Seniors with a great loss of autonomy | Insufficient care and underestimated needs, denounces the VG

(Quebec) In addition to not providing all seniors with severe loss of autonomy with home care that meets their needs, Quebec greatly underestimates the additional cost it would have to bear by 2028 to meet to the aging of the population. It is heading straight into the wall, says Auditor General Guylaine Leclerc.

Posted at 10:48 a.m.

Tommy Chouinard

Tommy Chouinard
The Press

“If no changes are made, seniors with a great loss of autonomy will not all have access to public long-term care by 2028 or to a sufficient intensity of services. This is true both in long-term accommodation and in home support, ”she wrote in her report tabled Wednesday in the National Assembly.

Quebec navigates by sight and does not plan worthy of the name of long-term public accommodation for seniors in great autonomy. “He also did not define how he would reorganize and fund long-term care in the context of the shift to home support,” says Guylaine Leclerc.

This turn has some failures. In 2020-2021, for 59% of the 15,212 people aged 70 or over with a significant loss of autonomy who benefited from home support services, less than 5% of their needs were met. The expected intensity of services is simply not there.

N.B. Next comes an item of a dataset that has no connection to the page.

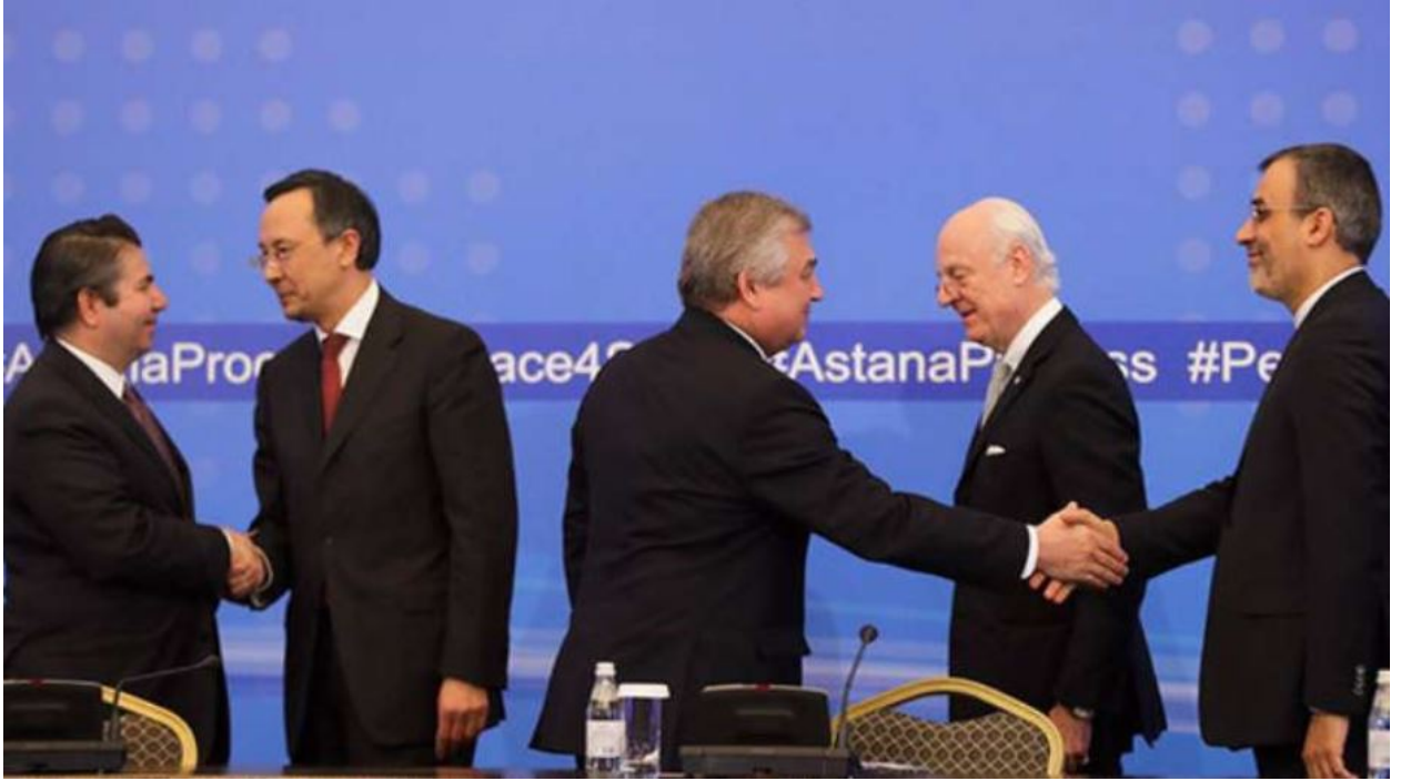
ديمستورا وممثلي روسيا وتركيا وإيران في مؤتمر أستانة 4

المنشورة لمناطق خفض التصعيد غير صحيحة ولن تكون مقبولة وأكد في بيان له أن الوفد لم يتفاوض على أي خصائص بهذا الشأن ولم تعرض عليه في أية اجتماعات، وبين أنه لا يمكن أن يقبل استثناء أي منطقة من اتفاق وقف النار خصوصًا المناطق المحاصرة.

The AG notes that the MSSS scenarios for meeting growing demand over the next few years “do not provide for any catch-up aimed at reducing the current deficit of home support services”. They “do not make it possible to meet the needs of all the additional 25,599 seniors aged 70 or over expected by the MSSS by 2028-2029 and who will need long-term care comparable to that offered in long-term accommodation, especially since these demand forecasts are incomplete”.

Moreover, Quebec plans to provide more care for only about 47% to 68% of these seniors. The range of services it intends to offer is insufficient, since its estimate “represents less than a third of the number of hours of services required for a senior with a great loss of autonomy”.

Budget planning is deficient. The AG was unable to reconcile the various data provided by the Ministry of Finance on the subject. Quebec is not able to quantify the annual cost of home support services for a senior, contenting itself with vaguely estimating that it would be equivalent to the cost of accommodation in a public CHSLD (nearly $100,000 per year).

The additional direct measures planned by the government for home support are on average $340 million per year by 2025-2026.

However, according to a conservative calculation, Guylaine Leclerc estimates that two billion dollars more per year would be needed to cover the needs of seniors aged 70 or over with a great loss of autonomy. This means that Quebec is underestimating the cost by approximately $1.7 billion.